▶ _Work task_
The answer must consist solely of the lines below starting at the one containing "Manfred Ugalde continúa" and ending at the one containing "Southeast Asian new", repeated exactly, with both ends included and all pictures omitted.

'''

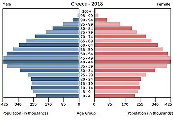 Greece's heavy demographic aging comes as a result of economic hardship which has prompted many young people to leave the country in search of better opportunities elsewhere. Between 2009 and 2018, about half a million people left the country, many of them of child-bearing age.[48] In 2010, 115,000 children were born; that number dropped to 92,000 in 2015,[49] and then to below 89,000 in 2017, the lowest on record.[48] In 2019, the fertility rate fell to just 1.3 per woman, well below the replacement level and one of the lowest in Europe. Some of the more remote regions of Greece suffer from shortages of obstetricians and gynecologists, many of whom have gone abroad, which deters would-be parents. In general, the Greeks are having children later and having fewer children in the 2010s compared to the 1980s.[48]
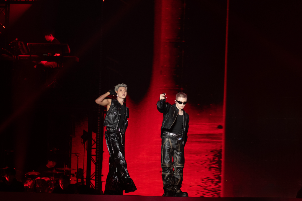 這場演唱會是“HxW”首次FAN CONCERT的海外首站,繼7月11日在首爾開跑,終於將火熱現場移師台北,開場便以全黑俐落帥氣勁裝登場,演唱《BRING IT》、《96ers》瞬間炸裂舞台,展現了雙人默契與強大舞台魅力。
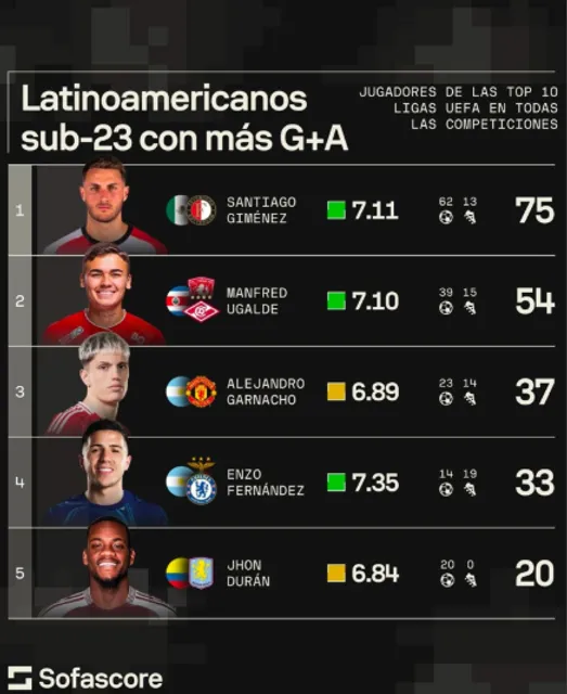 Manfred Ugalde continúa destacándose en Europa al ocupar el segundo lugar entre los jugadores sub-23 latinoamericanos con más goles y asistencias en las principales diez ligas del continente. Su impresionante rendimiento lo coloca por encima de nombres como Alejandro Garnacho, Enzo Fernández y Jhon Durán, futbolistas ampliamente reconocidos y con proyección internacional.
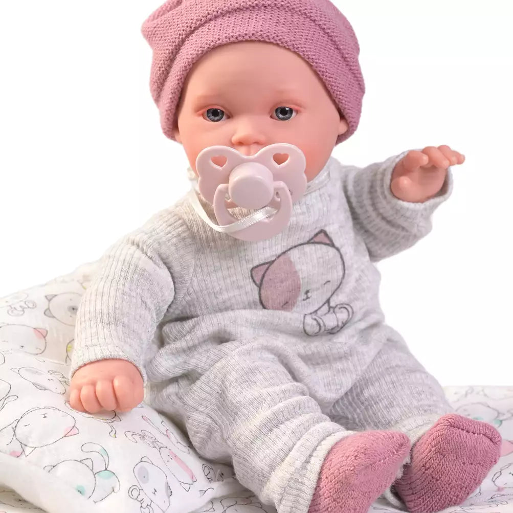 A Kika le encantan los gatitos, por eso su cojín y colchón tienen un estampado adorable inspirado en sus mascotas favoritas. Con su pijama y gorrito a juego, es imposible resistirse a su carita dulce y expresiva.
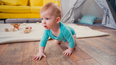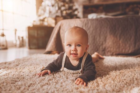 Southeast Asian new born is creeping on the floor. Newborn is wearing gray shirt. Baby is South East Asian. Kid is cute. Child is taking photo indoor. Infant is 4 months. - People, Health care concept
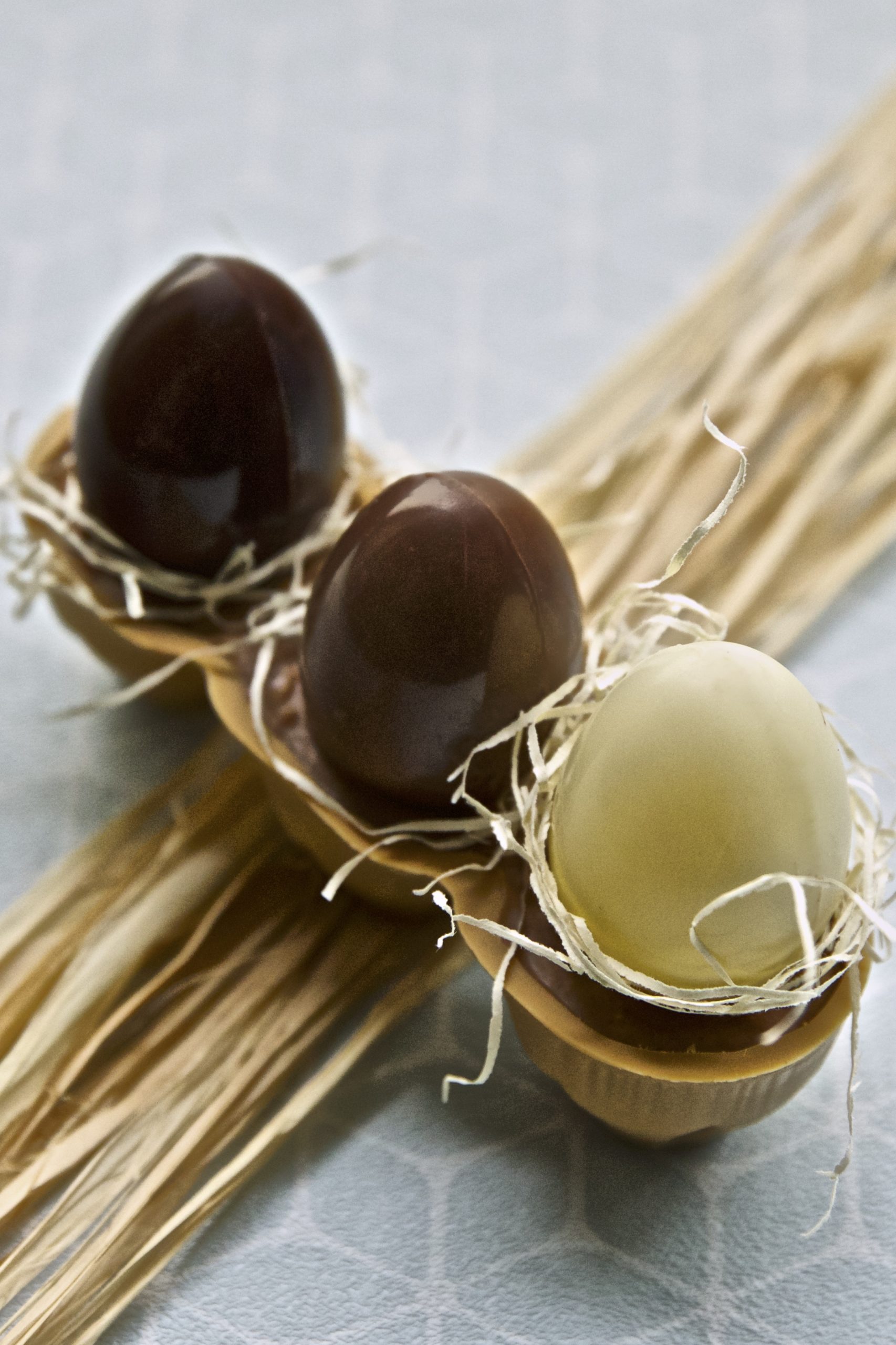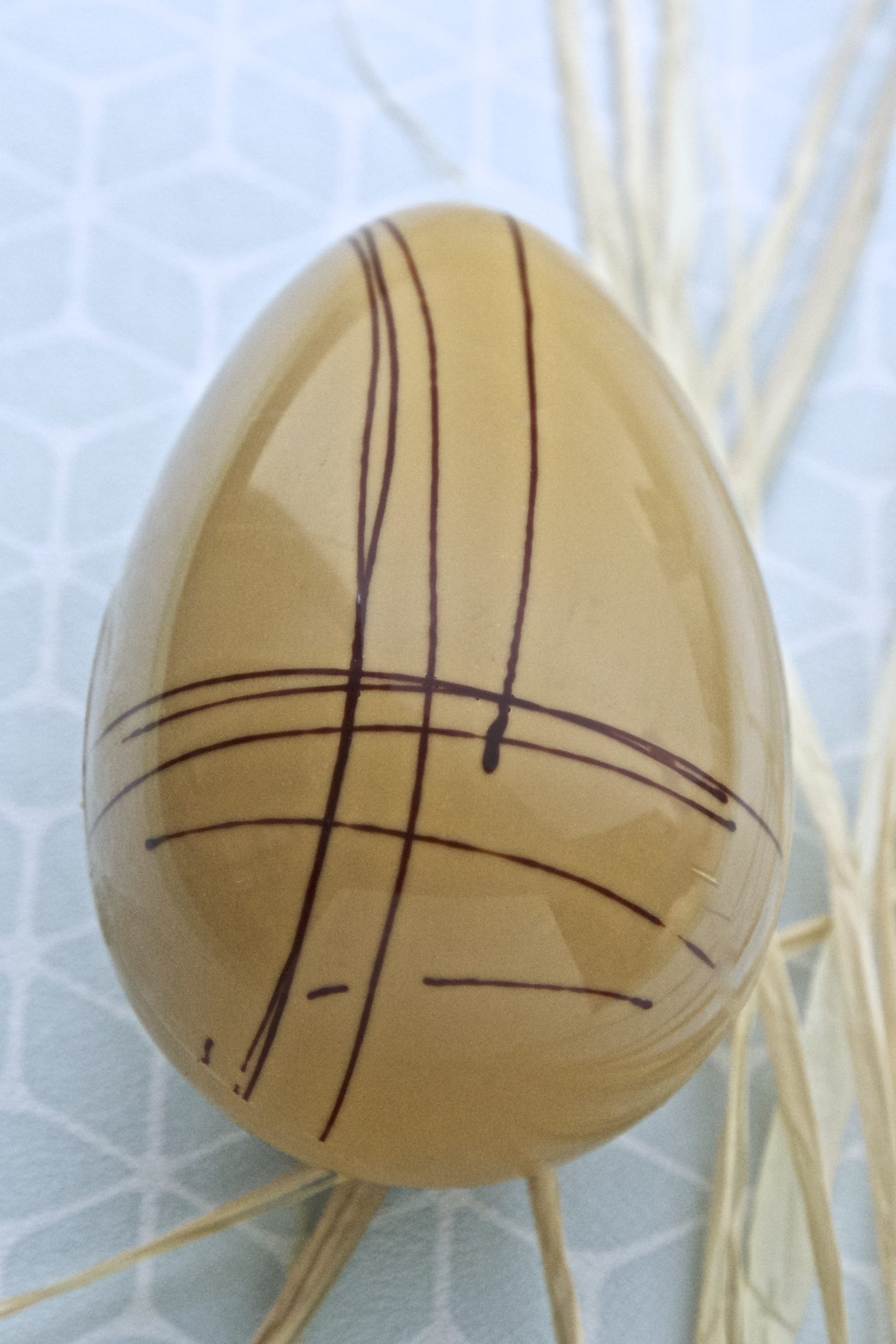 Un petit coquetier aux trois saveurs chocolat noir, chocolat lait et chocolat blanc qui cache un cœur ultra gourmand fourré au Gianduja caramel!

'''

▶ _Solution_
 Manfred Ugalde continúa destacándose en Europa al ocupar el segundo lugar entre los jugadores sub-23 latinoamericanos con más goles y asistencias en las principales diez ligas del continente. Su impresionante rendimiento lo coloca por encima de nombres como Alejandro Garnacho, Enzo Fernández y Jhon Durán, futbolistas ampliamente reconocidos y con proyección internacional.
 A Kika le encantan los gatitos, por eso su cojín y colchón tienen un estampado adorable inspirado en sus mascotas favoritas. Con su pijama y gorrito a juego, es imposible resistirse a su carita dulce y expresiva.
 Southeast Asian new born is creeping on the floor. Newborn is wearing gray shirt. Baby is South East Asian. Kid is cute. Child is taking photo indoor. Infant is 4 months. - People, Health care concept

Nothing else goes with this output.